The exact path one must traverse in order to comprehend the price of British train tickets

This kind of encapsulates why Etherborn works so well. Calling its challenges 'puzzles' might even misrepresent them, as it calls to mind pushing blocks around or fiddling with items or buttons. The challenge here is in teaching your brain how to use the slopes and jumps and pokey uppy things to find the path you need. It tends not to play tricks or hide things from you, if you discount the times when it obscures the opposite side of a level until you find the path there. In doing so it hits the right degree of challenge - the only frustration I felt was with myself, as it's entirely fair, and the solution to whatever difficulty I was having was always tantalisingly out of reach.

You know that moment where you sort if intuitively figure out where you're going, but it only works if you don't actively think about it or try to explain it to yourself? Quite a few of the hurdles I struggled with were overcome through that. It's really quite impressive, and puts me in a strange position of wanting a bit more while also acknowledging that it was exactly the right length.

A tall bit

Rather than dozens or hundreds of tiny levels, Etherborn offers a small handful of elaborate, carefully crafted ones.

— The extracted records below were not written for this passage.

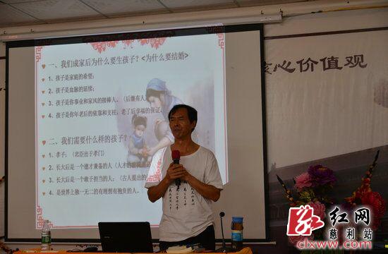 象鼻嘴村传统文化教育的主讲者——向亮华老师作题为《家庭、家规、家风是成就人生的重要法宝》的演讲,用通俗易懂的语言深入浅出地告诉大家在家、在单位、在社会上如何做到礼孝、如何教育孩子、如何感恩他人、感恩社会,将中华民族传统文化传承下去。
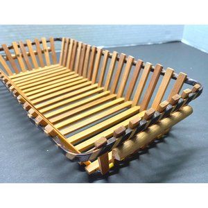 Vintage Wood Slat Bread Basket Rectangular Fruit Tray Fruit Storage 14 Inch
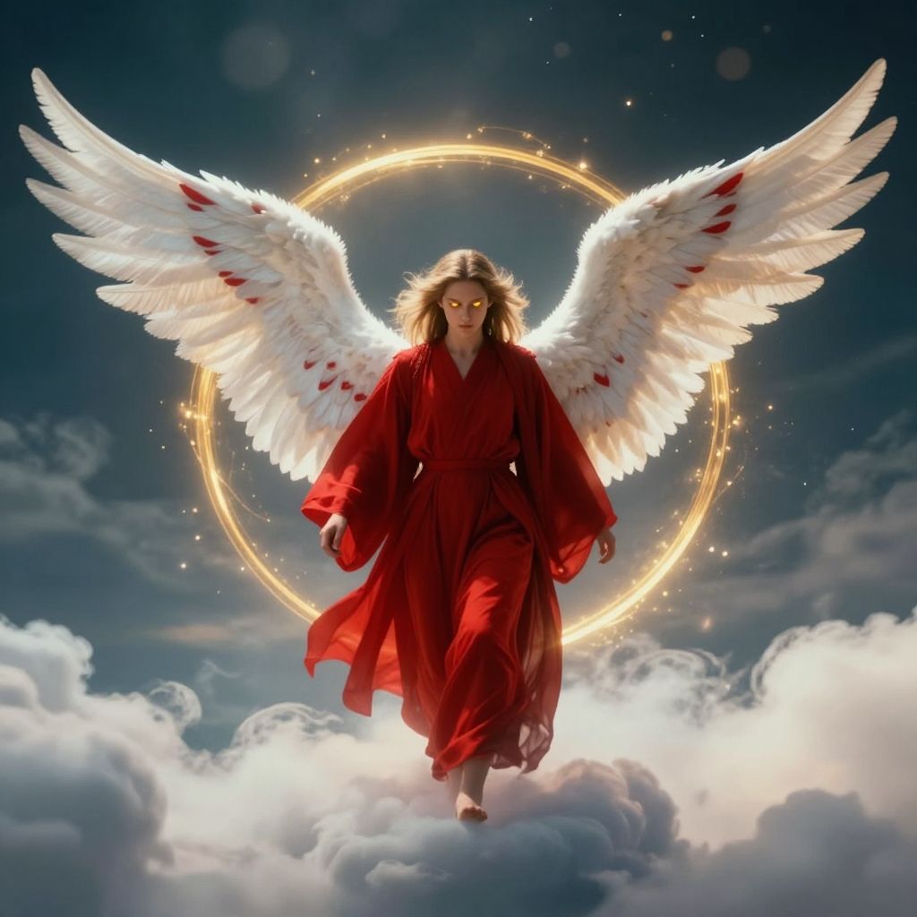 Digital artwork of an angelic woman with white wings and red robe, walking on clouds, framed by a glowing golden halo.
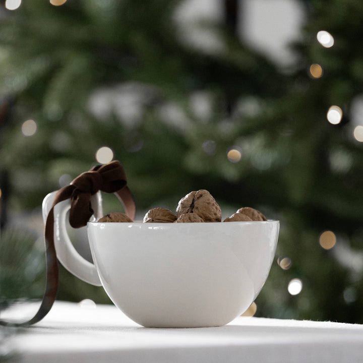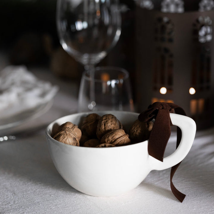 Røff liten skål m/hank i hvitlakkert metall. Like fin som snacks skål som til lys skål for kubbelys.
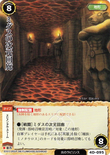 ![]() ![]() | 4D-095 ミダスの次元回廊 地形 アポカリプスの魔剣 ◆ ブロック:III/IV リミット:8 勢力:炎のラビリンス タイプ:エレメンタル・ストーム 【強制配置】地形(本陣を除く地形のあるエリアに配置できる) ●[戦闘]ミダスの次元回廊 〈発揮:即時召喚宣言時/対象:この地形〉 自軍プレイヤーは手札にある「英雄」を除く「種族:ミノタウロス」のカードを対象に即時召喚してもよい。 illustrated by 巴ヨシヤス |
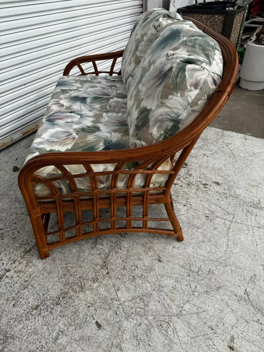 Boho Chic South Sea Rattan Collection Upholstered Loveseat
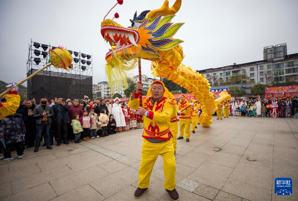 2月5日,人们在贵州省绥阳县舞龙迎接龙年春节的到来。
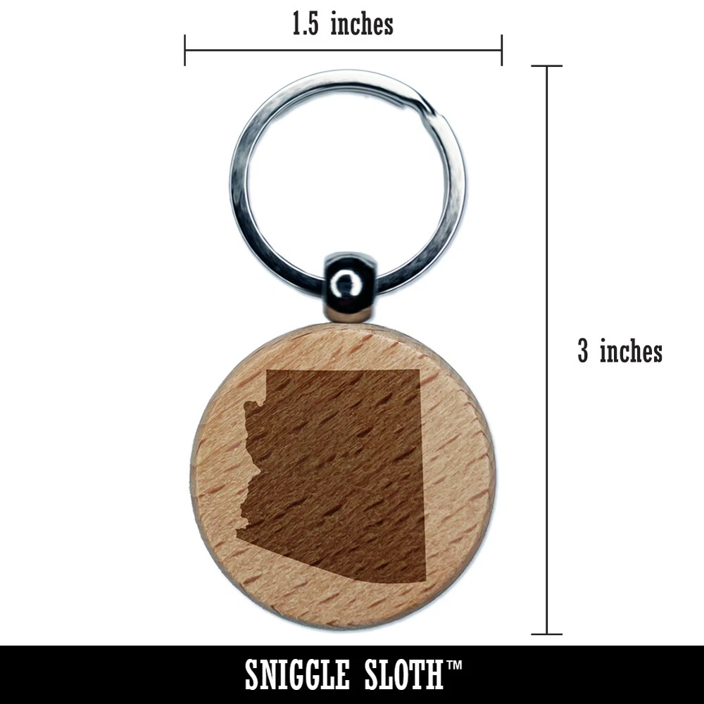 Arizona State Silhouette Engraved Wood Round Keychain Tag Charm
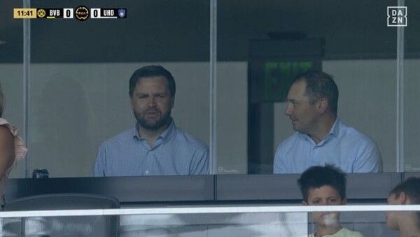 이날 중계 화면에는 셔츠 차림의 밴스 부통령이 아내 및 지인들과 VIP석에서 경기를 관람하는 모습이 포착됐다.

Its narrative, for all my mud-brained failure to engage with it, was unintrusive and pleasant enough that I could sit back and relax with it as a wee reward for finishing a section. Even the parts between levels where you open up new branches on the 'eternal tree' and run along them for a while were so well presented that they turned sections I'd normally regard as a chore into a comfortable transition. I was first attracted by the striking colour scheme showcased in its trailer, which changes for every level through warm pinks and oranges, vivid purple and greens, and a particularly classy scarlet and teal in the most elaborate one.

Indeed, so effective was the musical and visual direction that I gasped in genuine awe at a key moment in the finale. It may not be a long game, for a faster-witted player than I would get through it in an afternoon, and pretty games may not be all that scarce... but this is more than just pretty. It's a carefully directed, genuinely beautiful game well worth your time.